Irons are generally composed of a housing, usually of a synthetic resin, to which a soleplate is connected. Said soleplate is customarily made of aluminum, but it can alternatively be made from zinc, nickel, copper or stainless steel. In general, a separate layer, which is commonly referred to as anti-friction layer, is applied to the surface of the soleplate facing away from the housing of the iron. During ironing, this anti-friction layer directly contacts the clothes to be ironed. A prerequisite for the proper functioning of the iron is that such an anti-friction layer meets a large number of requirements. For example, the anti-friction layer must, inter alia, exhibit satisfactory anti-friction properties on the clothes to be ironed, it must be corrosion-resistant, scratch-resistant, and durable and exhibit an optimum hardness and a high resistance to wear and to fracture. The material of the anti-friction layer must meet extra high requirements because the anti-friction layer is exposed to substantial variations in temperature ranging between 10.degree. C. and 300.degree. C. Some of said requirements are more or less contradictory from the viewpoint of materials science.
An iron of the type mentioned in the opening paragraph is known per se, for example, from European Patent Application EP-A 217.014. The iron described in said Application comprises a soleplate of aluminum, which is provided with an anti-friction layer of a ceramic material, preferably aluminum oxide. This anti-friction layer is provided by means of plasma spraying. In this process, spherical aluminum oxide particles having a diameter of, for example, 10 microns are heated by means of a plasma jet and sprayed onto the soleplate. In this process, a bonded ceramic layer of aluminum-oxide particles is formed. Subsequently, this anti-friction layer is polished to obtain the desired smoothness.
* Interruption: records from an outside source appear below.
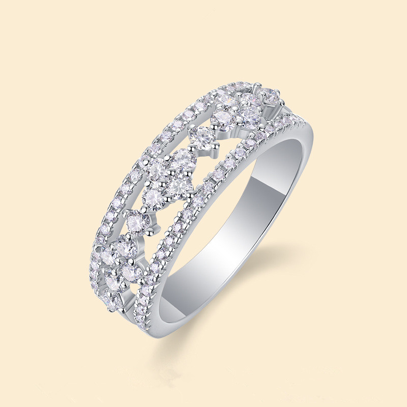 【莫桑鑽】小圓鑽四葉草S925銀鍍白金戒指
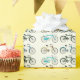 This wrapping paper features a tiled pattern of vintage bicycles. The pale yellow background can be customised as desired.
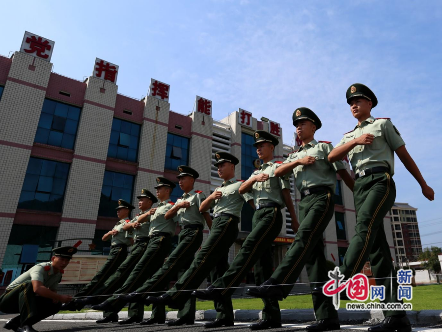 2020年7月,武警炎陵中队以绳为尺严抠正步细节。
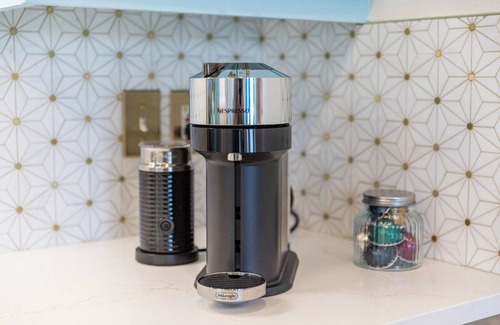 The apartment features a newly renovated, fully equipped and fully applianced kitchen—perfect for cooking meals at home. For your morning routine, we provide both a Nespresso machine, a drip coffee maker with a selection of pods and filters to get you started. We also provide a selection of teas and hot water kettle.
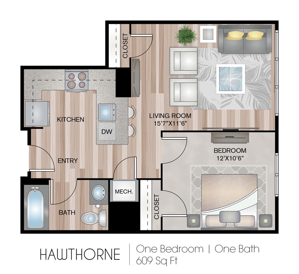 Hawthorne - Floorplan 1 Apartment Unit: 01-425Apartment Model: HawthorneFrom $2,3021 Bedroom, 1 Bath, 609 sq ftAvailable January 11, 2026
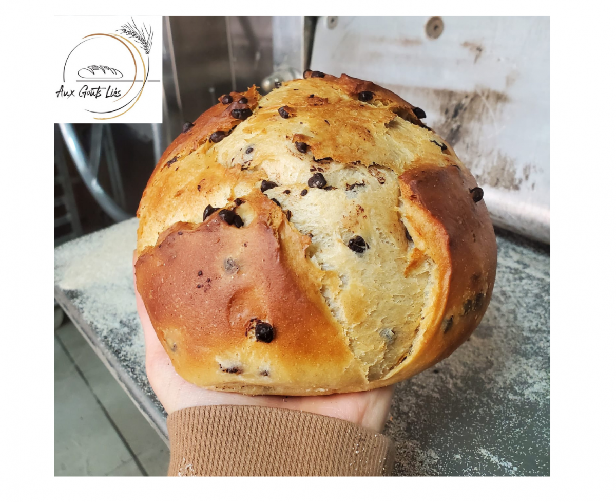 Brioche pur beurre, aux oeufs entier plein air locaux et pépites de chocolat noir, fabriquée à partir de notre farine fermière bio.
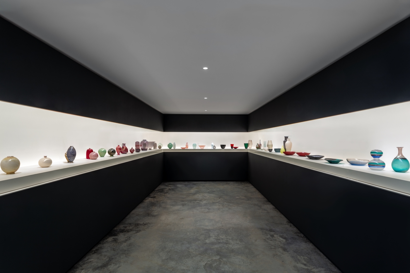 The purpose of the lighting design was for luminaires to disappear and perfectly blend with the minimal architecture. Galleries are softly and uniformly lit, with low-glare luminaires installed in tracks for full flexibility. The light sources used, combined with their spacing and carefully calibrated location from the gallery walls, allow for a shadow free art wall illumination. The cafe and shop have millwork integrated lighting to celebrate the intended relaxing nature of this space, where one can admire the landscape.
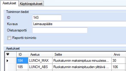 Määrittele myös palkkalajinumero (LUNCH_ABS), jolle ylimenevä poissaolo kirjataan. Palkkalaji ei kerrytä tuntisaldoa.
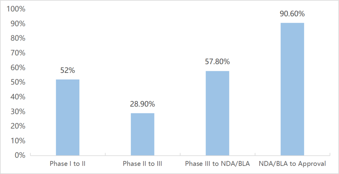 1期临床到2期临床的成功率为52.0%(n=4414),相对较高,原因之一是该阶段主要测试药物的安全性,不依赖于候选药物的有效性。与以往药物开发阶段转化成功率的研究一致,2期临床到3期临床的成功率在四个阶段中最低,为28.9%(n=4933),这是因为2期临床不仅是首次在人体中进行概念性验证试验,也是决定临床试验是否继续的关键节点。3期临床到提交新药上市申请(NDA)/生物制品许可申请(BLA)的成功率为57.8%(n=1928)。在四个开发阶段中,转化成功率最高的是从递交NDA/BLA到获得FDA批准的阶段,为90.6%(n=1453)。

The known iron has disadvantages. It has been found that the ceramic anti-friction layer has a relatively high porosity and a relatively low corrosion resistance. In addition, the anti-friction properties, particularly the anti-stick properties, of the known layer are not optimal and keeping the layer clean as well as cleaning it has proved to be difficult. Finally, the processes of providing and polishing the anti-friction layer are expensive and cannot easily be carried out in mass-production.